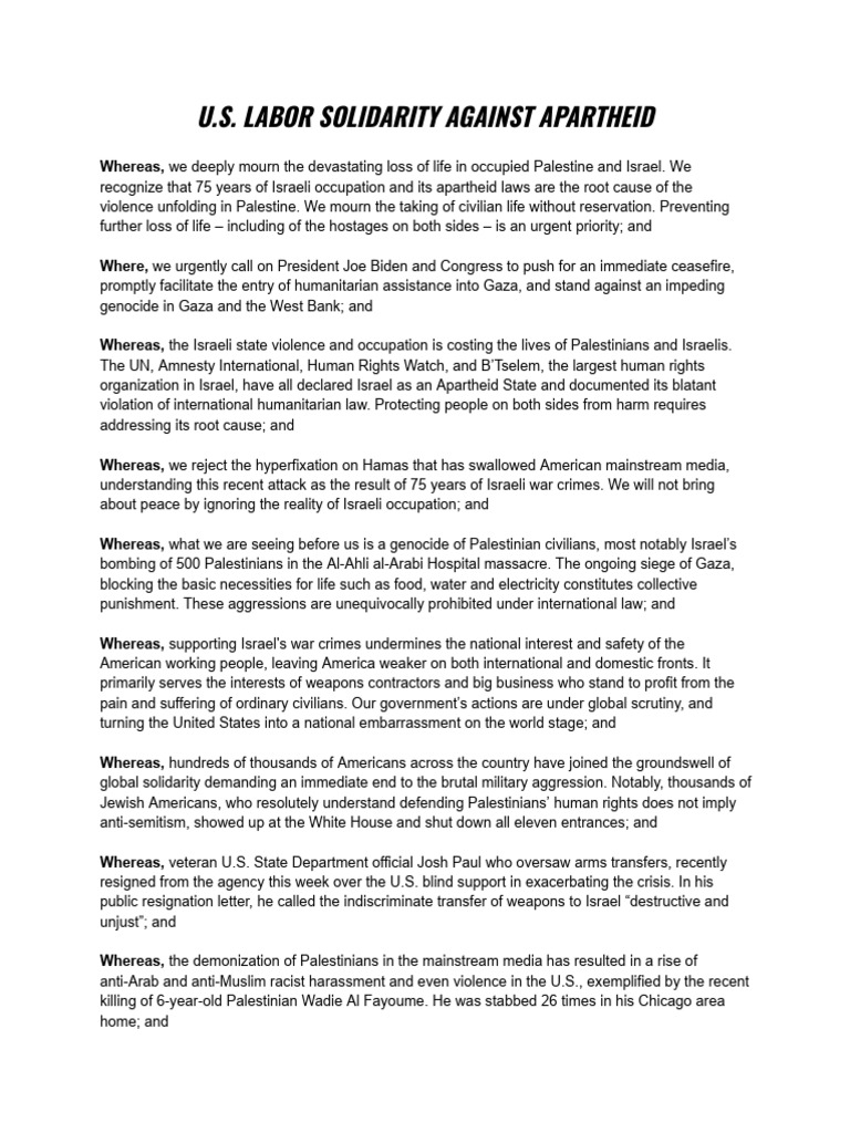 we deeply mourn the devastating loss of life in occupied Palestine and Israel. Werecognize that 75 years of Israeli occupation and its apartheid laws are the root cause of theviolence unfolding in Palestine. We mourn the taking of civilian life without reservation. Preventingfurther loss of life – including of the hostages on both sides – is an urgent priority; and
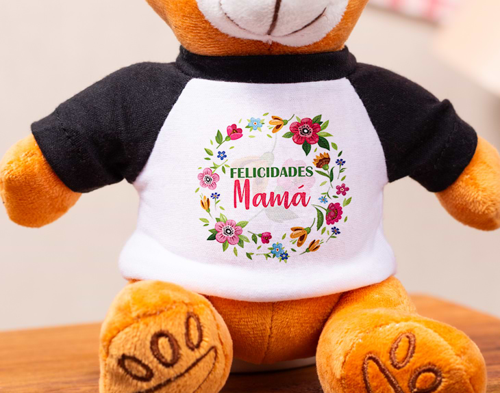¿No puedes felicitar este año a tu madre? ¡Deja que nuestro osito de peluche con camiseta lo haga por ti! Sobre ella, llevará impreso a todo color el mensaje de "Felicidades Mamá". Además, en lugar de tenerlo simplemente escrito, lo acompañará un precioso diseño floral que seguro que le encantará. ¡Lo pondrá en el mejor lugar del salón o en su cama para verlo todos los días! Queremos ayudarte tener tu mejor regalo original para madres. Por ello, además de sorprenderla con el osito de huellitas, podrás añadirle al pack unos deliciosos bombones. Así tendrá algo para disfrutar en el momento y algo para conservar de recuerdo. Si no puedes estar con tu mamá en un día especial, nosotros le enviamos directamente a su casa este oso de peluche con mensaje de felicitación. ¡Y escríbele tu mensaje personalizado en nuestra tarjeta recordatoria una vez introduzcas tus datos! Altura total del oso: 25cm
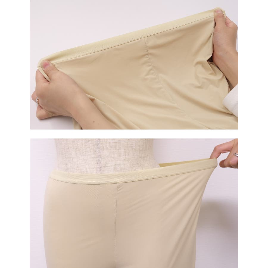 ボトムの裾がトイレの床につくのを避ける為に生まれたペチパンツ。 裾にゴムが入っているので、一緒に折り返して固定しておけます。透け、張り付きも防いで、静電気防止もしてくれる優秀アイテムです!

====

Task: Every line above must be printed again exactly, pictures excluded.

Written solution:
 we deeply mourn the devastating loss of life in occupied Palestine and Israel. Werecognize that 75 years of Israeli occupation and its apartheid laws are the root cause of theviolence unfolding in Palestine. We mourn the taking of civilian life without reservation. Preventingfurther loss of life – including of the hostages on both sides – is an urgent priority; and
¿No puedes felicitar este año a tu madre? ¡Deja que nuestro osito de peluche con camiseta lo haga por ti! Sobre ella, llevará impreso a todo color el mensaje de "Felicidades Mamá". Además, en lugar de tenerlo simplemente escrito, lo acompañará un precioso diseño floral que seguro que le encantará. ¡Lo pondrá en el mejor lugar del salón o en su cama para verlo todos los días! Queremos ayudarte tener tu mejor regalo original para madres. Por ello, además de sorprenderla con el osito de huellitas, podrás añadirle al pack unos deliciosos bombones. Así tendrá algo para disfrutar en el momento y algo para conservar de recuerdo. Si no puedes estar con tu mamá en un día especial, nosotros le enviamos directamente a su casa este oso de peluche con mensaje de felicitación. ¡Y escríbele tu mensaje personalizado en nuestra tarjeta recordatoria una vez introduzcas tus datos! Altura total del oso: 25cm
 ボトムの裾がトイレの床につくのを避ける為に生まれたペチパンツ。 裾にゴムが入っているので、一緒に折り返して固定しておけます。透け、張り付きも防いで、静電気防止もしてくれる優秀アイテムです!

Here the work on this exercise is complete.